Finally doing laundry, It’s been two months. As I sit and I fold, Careful not to leave wrinkles, I can’t help but think, How many more times will I have to pick up the pieces?
As I drive in my car, Careful to go the speed limit, The wind caressing my face and arm As it blows through my windows, I feel the melancholy sink in. How much longer will I ache for what has been?
It’s sunny and the warmth radiates downward, Embracing my body as if to say “Welcome back”. I can finally feel it again, My skin is a part of me, Something I can feel. How many more times will I lose this feeling?
I’ve spent weeks in a chemical haze, But not one of my doing. My brain had once again said “Too much” And shuddered to a halt, Spinning out on its way to a restless place. How much longer will I suffer this fate?

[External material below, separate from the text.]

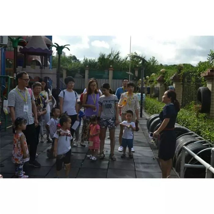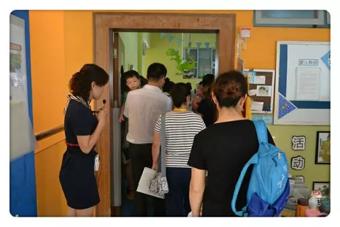 家長、幼兒分為三組,分別佩戴黃色、粉色、藍(lán)色參觀證,分別由楊助理、楊主任、彭主任帶領(lǐng)參觀幼兒園環(huán)境以及進(jìn)班級觀察幼兒學(xué)習(xí)生活情況。
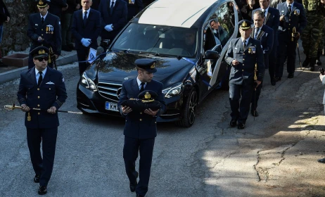 Ανείπωτος πόνος στο τελευταίο αντίο στον ήρωα πιλότο, αντιπτέραρχο Επαμεινώνδα Κωστέα, ο οποίος σκοτώθηκε όταν το αεροπλάνο του συνετρίβη κοντά στο αεροδρόμιο της Καλαμάτας, μπροστά στα μάτια της συζύγου και των παιδιών του.

Everything is different, But it all feels the same. I’m coming back now from a tiresome journey. A blast from the past, I am still exactly who I was four years ago. How many more times will I lose my sanity?
As I pick up the pieces, I can’t help but wonder, How long will I exist in this cyclical race? When they gave me the pills, They gave me a life sentence. How much longer will I last in this unstable state?
Unfortunately, I know. This is a life sentence. I will always be at the mercy of these highs and those lows. There will be reprieves from time to time, But it will always crumble once again. So I ask myself… How many more times can I pick up the pieces?